버킷화 특성에 대한 특성 열을 정의하려면 numeric_column
을 사용하는 대신 bucketized_column
을 사용합니다. 이 특성 열은 입력으로 취한 숫자 열을 boundaries
인수에 지정된 버킷 경계를 사용하여 버킷화 특성으로 변환합니다. 다음 코드에서는 households
및 longitude
에 대한 버킷화 특성 열을 정의합니다. get_quantile_based_boundaries
함수는 분위를 기준으로 경계를 계산하므로 각 버킷은 동일한 수의 요소를 포함합니다.
In [0]:
def get_quantile_based_boundaries(feature_values, num_buckets):
boundaries = np.arange(1.0, num_buckets) / num_buckets
quantiles = feature_values.quantile(boundaries)
return [quantiles[q] for q in quantiles.keys()]
# Divide households into 7 buckets.
households = tf.feature_column.numeric_column("households")
bucketized_households = tf.feature_column.bucketized_column(
households, boundaries=get_quantile_based_boundaries(
california_housing_dataframe["households"], 7))
# Divide longitude into 10 buckets.
longitude = tf.feature_column.numeric_column("longitude")
bucketized_longitude = tf.feature_column.bucketized_column(
longitude, boundaries=get_quantile_based_boundaries(
california_housing_dataframe["longitude"], 10))
In [0]:
def construct_feature_columns():
"""Construct the TensorFlow Feature Columns.
Returns:
A set of feature columns
"""
households = tf.feature_column.numeric_column("households")
longitude = tf.feature_column.numeric_column("longitude")
latitude = tf.feature_column.numeric_column("latitude")
housing_median_age = tf.feature_column.numeric_column("housing_median_age")
median_income = tf.feature_column.numeric_column("median_income")
rooms_per_person = tf.feature_column.numeric_column("rooms_per_person")

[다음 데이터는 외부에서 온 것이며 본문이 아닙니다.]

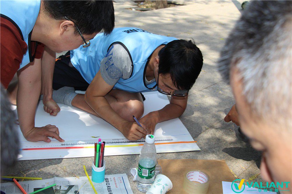 這是一項(xiàng)漸進(jìn)的高空項(xiàng)目,學(xué)員在穿戴好安全裝備后,所有隊(duì)員二人一組,在規(guī)定時(shí)間內(nèi)沿著巖壁的木道行走,直至本小組所有隊(duì)員的手觸及多巖壁上方。
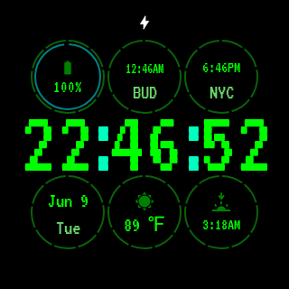 This is a free, open source project. Please submit any issues at https://github.com/CsabaConsulting/VFDWatchFace/issues. This is a Wear OS Watch Face with intentionally pixelated time display part for retro VFD feeling. The ambient mode displays AM/PM indication instead of seconds. The default color scheme is amber-yellow-red-vermilion because some AMOLED's blue color tend to age quicker, thus we may extend the life of the display by going red hue colors (otherwise I'd have gone cyan style to mimick some VFDs better). With v2.0 green and blue color schemes can be selected as well. The design offers 6 complication slots in two rows: one row is above the center time display and another row is below. All the complication slots are for small data.
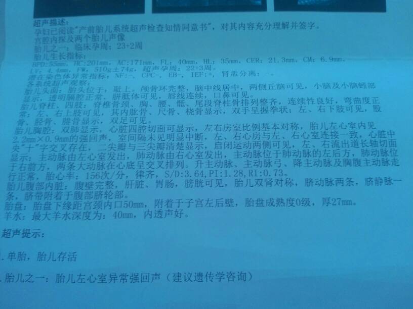孕23周双胎两个宝宝左心室都有异常回声,一个是2.2*0.9mm一个是2.6*1.5mm潜在染色体 孕23周双胎两个宝宝左心室都有异常回声,一个是2.2*0.9mm一个是2.6*1.5mm潜在染色体异常指标nf-cpc-eb-ief+肾盂分离-是不是宝宝有问题,医生说双胎没法做唐筛,怎么办,说有换唐氏的风险,怎样排除么,几率大不大? 点击展开 150*****181_OfuI 2014-08-14 21:04 为您推荐: 其他回答 这到没有 追忆_dbjj 2014-08-15 13:06 宝妈可以做微创 绚丽多彩的烟花 2014-08-15 03:22 我答复不了你,不过我会祝你们母子平安的。 真真假假_cewn 2014-08-14 23:53 我怀我家双胞的时候倒是做过唐氏筛查了 追忆_dbjj 2014-08-14 23:28 相关问题 怀孕25周胎儿左心室内强回声斑直径2,4mm怎么办与染色体分变有关吗? 孕23周双胎两个宝宝左心室都有异常回声,一个是2 2*0 9mm一个是2 6*1 5mm潜在染色体 胎儿左心室可见一点状强回声,大小约0 3*0 3cm,是怎么回事啊,医生建议做染色体检查,那是怎么
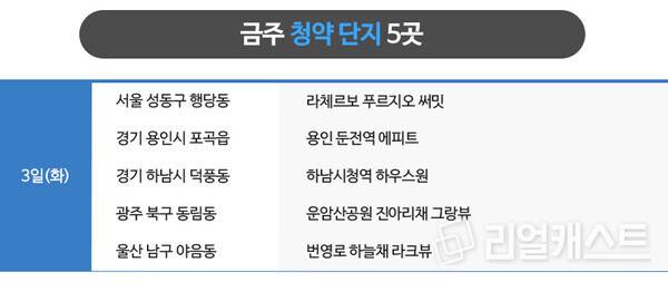 금주 모델하우스는 총 5곳이 오픈 할 계획이며, 이중 1곳은 사이버 모델하우스로만 오픈합니다.
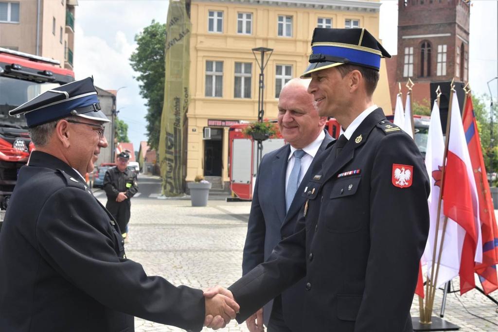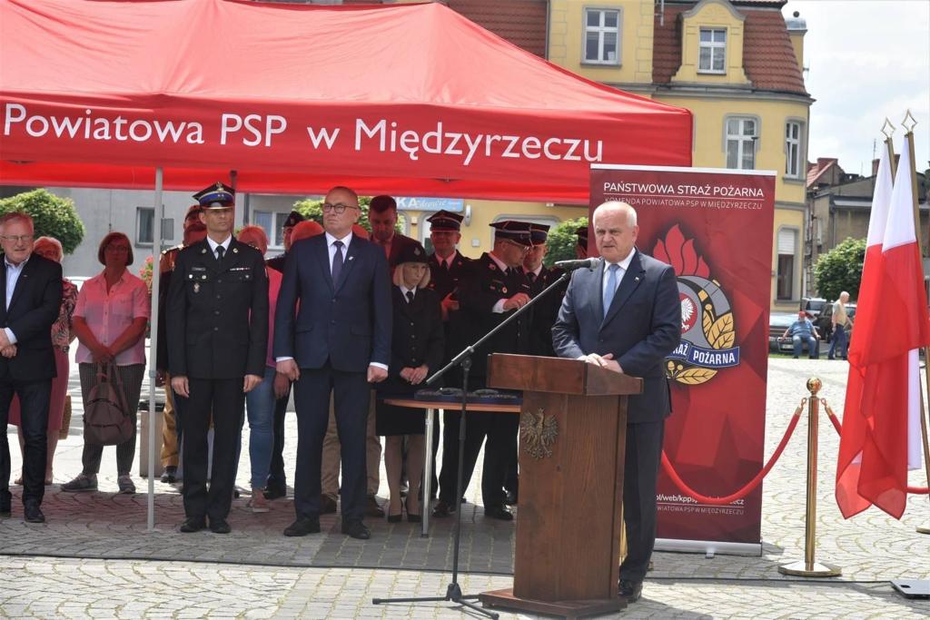 Zastępca Lubuskiego Komendanta Wojewódzkiego bryg. Maciej Iwko wraz z Wojewodą Lubuskim Władysławem Dajczakiem i Prezesem Zarządu Wojewódzkiego Funduszu Ochrony Środowiska i Gospodarki Wodnej w Zielonej Górze Mariuszem Herbutem, wręczył akt przekazania pojazdu Wiceprezesowi OSP Skwierzyna dh Waldemarowi Kowalewskiemu.
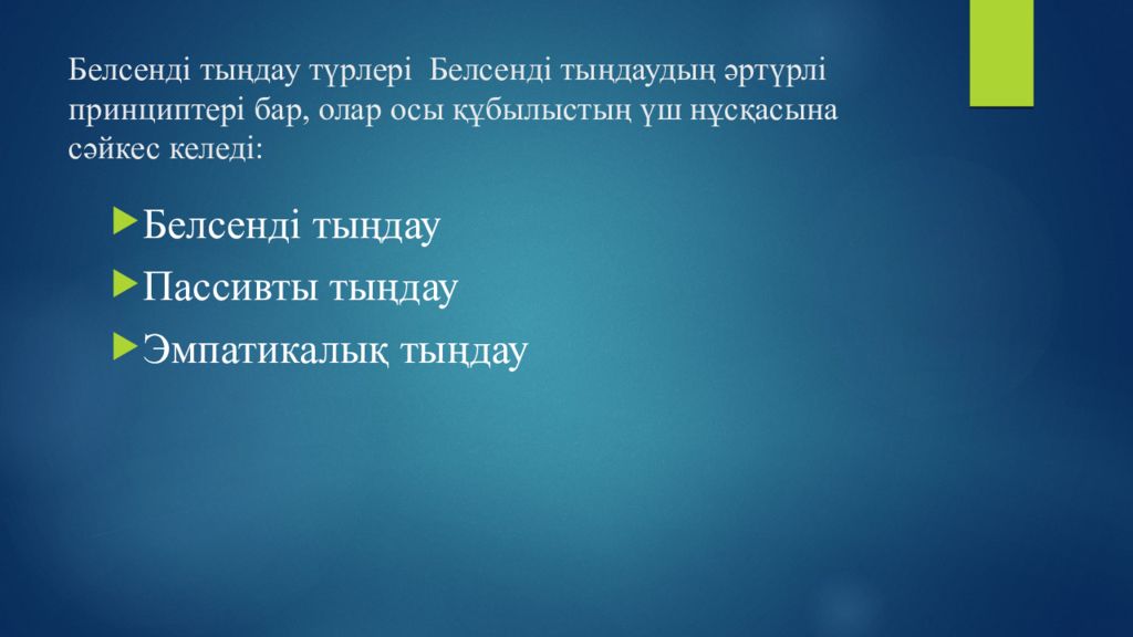 Белсенді тыңдау Пассивты тыңдау Эмпатикалық тыңдау
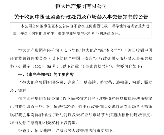 综合起来,恒大地产被处以41.75亿元罚款,许家印被处以4700万元罚款,并被终身市场禁入;夏海钧被罚款1500万元,终身市场禁入;其他责任人被罚款20万元-900万元不等。
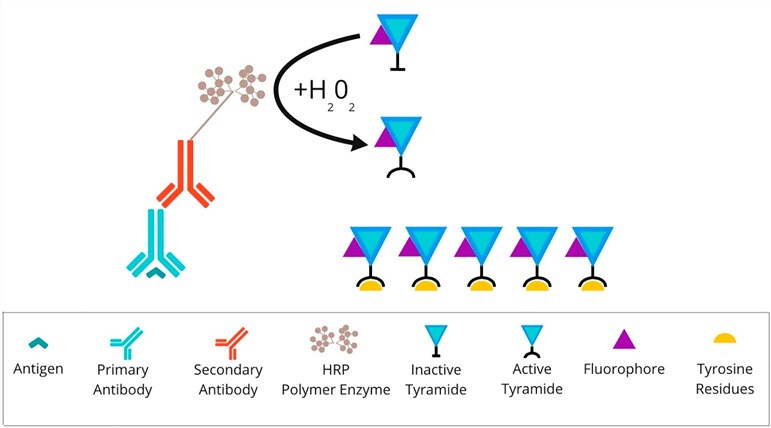 Fig.1 Overview of tyramide signal amplification technique. (Kuczkiewicz, 2022)
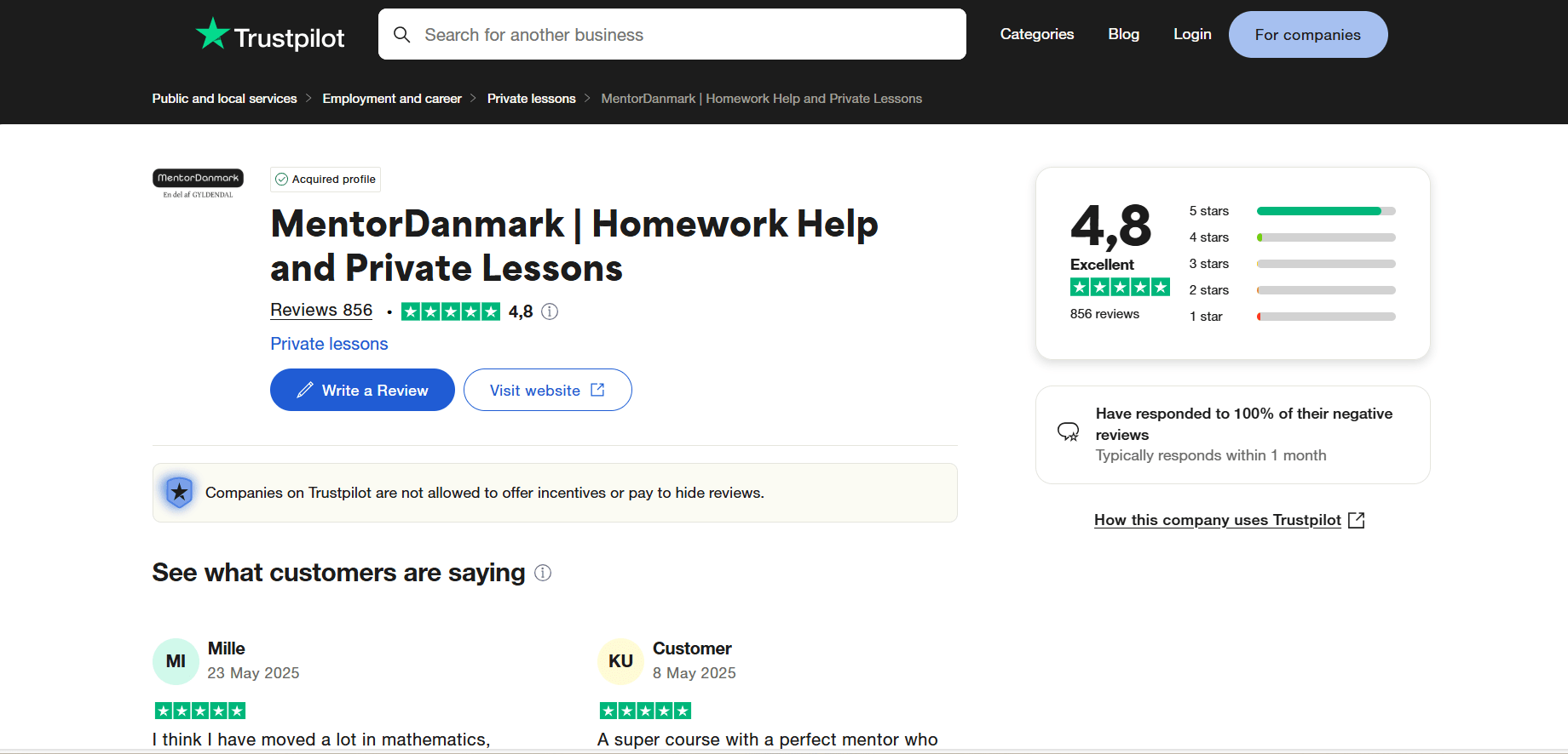 Customers generally give MentorDanmark very positive feedback. For example, the company’s website notes that it holds the majority of 5‑star reviews on Trustpilot. Third-party data indicate an average Trustpilot rating around 4.8 out of 5 (based on thousands of reviews). Student and parent quotes on the site echo this praise: many remark on how much their child improved and gained confidence. (For instance, one 5th grader says, “I became better in school after Marie-Louise came”.) Mentors are described as encouraging and skilled. We found no reports of scams or serious complaints; in fact, MentorDanmark’s emphasis on quality (certified mentors, satisfaction guarantee) seems to hold up. One academic review even highlights the company’s reputation for reliability and strong pedagogy. In summary, both site testimonials and external review aggregators indicate high satisfaction: reviewers praise the skilled tutors, personalized matches, and results. Overall, MentorDanmark comes across as a legitimate, high-quality service, backed by its Gyldendal affiliation and glowing user ratings.

# Divide households into 7 buckets.
bucketized_households = tf.feature_column.bucketized_column(
households, boundaries=get_quantile_based_boundaries(
training_examples["households"], 7))
# Divide longitude into 10 buckets.
bucketized_longitude = tf.feature_column.bucketized_column(
longitude, boundaries=get_quantile_based_boundaries(
training_examples["longitude"], 10))
#
# YOUR CODE HERE: bucketize the following columns, following the example above:
#
bucketized_latitude =
bucketized_housing_median_age =
bucketized_median_income =
bucketized_rooms_per_person =
feature_columns = set([
bucketized_longitude,
bucketized_latitude,
bucketized_housing_median_age,
bucketized_households,
bucketized_median_income,
bucketized_rooms_per_person])
return feature_columns
In [0]:
_ = train_model(
learning_rate=1.0,
steps=500,
batch_size=100,
feature_columns=construct_feature_columns(),
training_examples=training_examples,
training_targets=training_targets,
validation_examples=validation_examples,
validation_targets=validation_targets)
사용할 버킷 수를 어떠한 기준으로 결정하는지 궁금할 수 있습니다. 물론 데이터 자체와는 무관합니다. 여기에서는 모델이 너무 커지지 않는 선에서 임의로 값을 선택했습니다.
In [0]:
def construct_feature_columns():
"""Construct the TensorFlow Feature Columns.
Returns:
A set of feature columns
"""
households = tf.feature_column.numeric_column("households")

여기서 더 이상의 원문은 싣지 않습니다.